== Exercise prompt ==
Among the records below, find the line that has "- 카드 결제 시 반드시 국민행복카드 사용"; from there, give the lines again exactly, and stop after the line that has "사업자등록증명원, 종합소득세 신고자료, 부가가치세".

== Provided entries ==
>>>>
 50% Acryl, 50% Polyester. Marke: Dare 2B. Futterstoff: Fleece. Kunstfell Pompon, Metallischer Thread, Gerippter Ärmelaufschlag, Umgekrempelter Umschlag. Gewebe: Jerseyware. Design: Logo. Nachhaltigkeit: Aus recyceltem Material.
<<<<
>>>>
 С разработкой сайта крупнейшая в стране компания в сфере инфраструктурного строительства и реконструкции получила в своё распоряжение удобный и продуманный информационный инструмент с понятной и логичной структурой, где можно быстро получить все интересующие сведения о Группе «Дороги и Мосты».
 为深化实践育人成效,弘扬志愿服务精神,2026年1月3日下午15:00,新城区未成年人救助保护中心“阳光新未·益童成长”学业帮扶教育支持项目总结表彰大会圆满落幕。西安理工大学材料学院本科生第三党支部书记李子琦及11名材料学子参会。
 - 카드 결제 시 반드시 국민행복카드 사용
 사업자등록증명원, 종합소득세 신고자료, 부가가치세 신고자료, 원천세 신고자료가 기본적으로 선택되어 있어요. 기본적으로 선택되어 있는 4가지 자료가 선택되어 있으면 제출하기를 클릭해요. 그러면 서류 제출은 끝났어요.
<<<<
== Expected output ==
 - 카드 결제 시 반드시 국민행복카드 사용
 사업자등록증명원, 종합소득세 신고자료, 부가가치세 신고자료, 원천세 신고자료가 기본적으로 선택되어 있어요. 기본적으로 선택되어 있는 4가지 자료가 선택되어 있으면 제출하기를 클릭해요. 그러면 서류 제출은 끝났어요.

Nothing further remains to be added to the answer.